Last edited by siara on Sat Sep 12, 2015 3:44 am UTC, edited 1 time in total.

### Re: A formula based approach to Arithmetic Coding

The URL is :

h t t p (colon) (slash) (slash) siara.cc (slash) arithmetic_coding_new_approach

Arun

h t t p (colon) (slash) (slash) siara.cc (slash) arithmetic_coding_new_approach

Arun

### Re: A formula based approach to Arithmetic Coding

http://siara.cc/arithmetic_coding_new_approach/

Arithmetic coding is easy if you're doing maths, but a nightmare if you're doing computer science and can't just assume arbitrary precision.

Your approach seems mathematically sound. You could independently calculate each symbol's contribution to the final value and then add everything up. But that requires you to do all calculations with at least as many bits of precision as the shannon entropy of your plaintext. Which is possible with "Hello world" (a 64-byte float should be enough for <32 bits of compressed data), but will get you into a lot of trouble once you try to apply the principle to any reasonably large amount of data. Requiring this precision means that your runtime complexity goes from O(n) to O(n^2) or worse, and no amount of parallelization can save you from that.

Arithmetic coding is easy if you're doing maths, but a nightmare if you're doing computer science and can't just assume arbitrary precision.

Your approach seems mathematically sound. You could independently calculate each symbol's contribution to the final value and then add everything up. But that requires you to do all calculations with at least as many bits of precision as the shannon entropy of your plaintext. Which is possible with "Hello world" (a 64-byte float should be enough for <32 bits of compressed data), but will get you into a lot of trouble once you try to apply the principle to any reasonably large amount of data. Requiring this precision means that your runtime complexity goes from O(n) to O(n^2) or worse, and no amount of parallelization can save you from that.

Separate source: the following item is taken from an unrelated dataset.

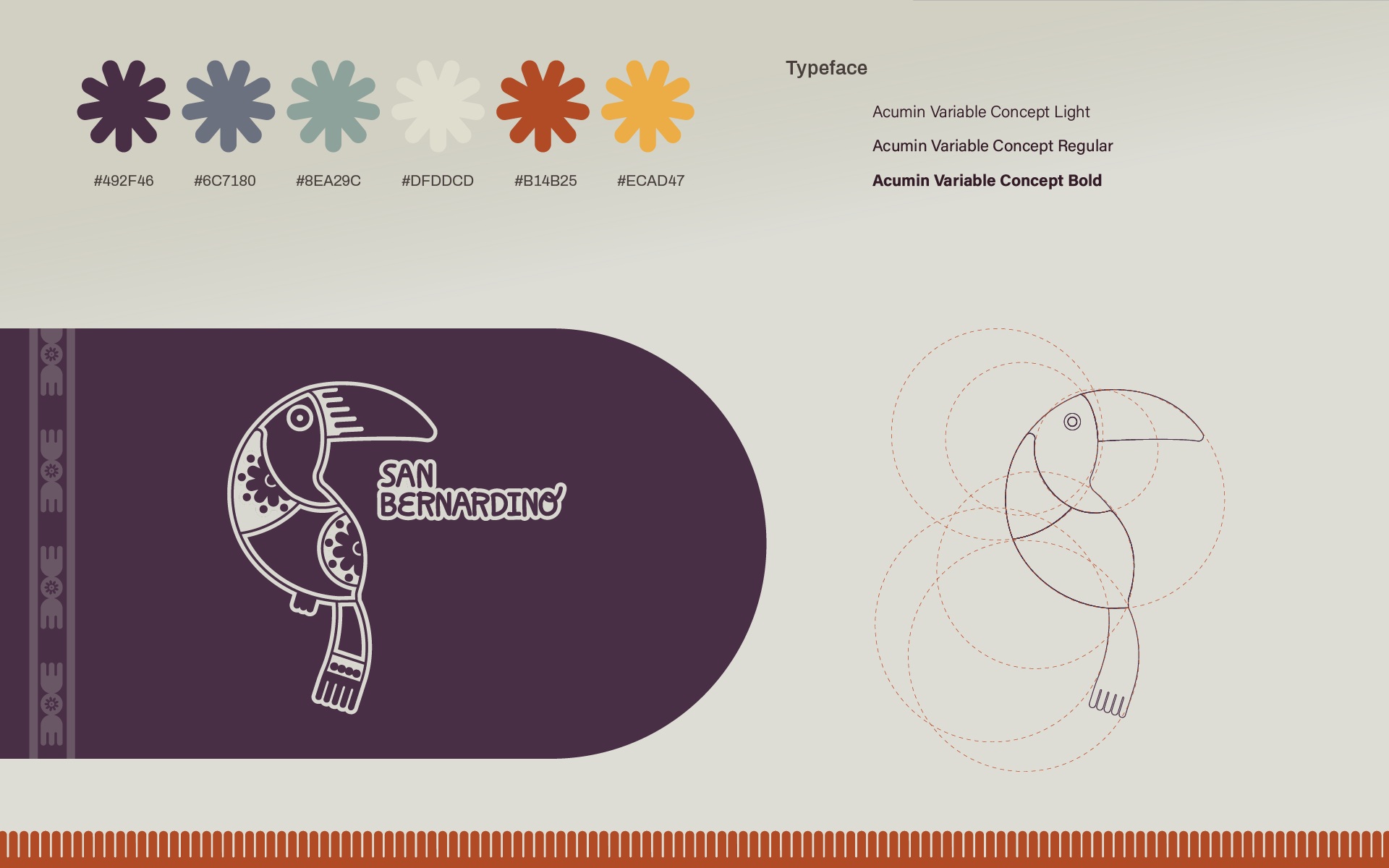 Por otro lado, se buscaba hacer alusión a la riqueza biológica, por lo que se eligió un ave que visita mucho la zona: el tucán, que también es icónico de cara a exportar la marca o comercializar para el turismo.

### Re: A formula based approach to Arithmetic Coding

Tub wrote:Arithmetic coding is easy...

I agree with you on all points. You seem to have gone through it fully. Thanks. Particularly I liked the statement "no amount of parallelization can save you from that.".

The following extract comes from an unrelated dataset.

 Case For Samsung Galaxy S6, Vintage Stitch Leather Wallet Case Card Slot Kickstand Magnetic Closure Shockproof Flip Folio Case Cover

I didn't intend it for practical implementation. The formula could be useful for further research, thats why I made the article. I am also hoping that someday I would be able to find a way to get over the precision problem.

I implemented it on C++. As you said it loses precision after 64 bits and can't decode any further. But thats a problem with any approach. Thats why they are talking of reduced precision, range encoding etc.

By the way, how were you able to post URL in the reply? I couldn't.

Thanks again. Nice meeting you.

### Re: A formula based approach to Arithmetic Coding

siara wrote:By the way, how were you able to post URL in the reply? I couldn't.

The answer to that question can be found in the xkcd Forum Rules, along with other useful information.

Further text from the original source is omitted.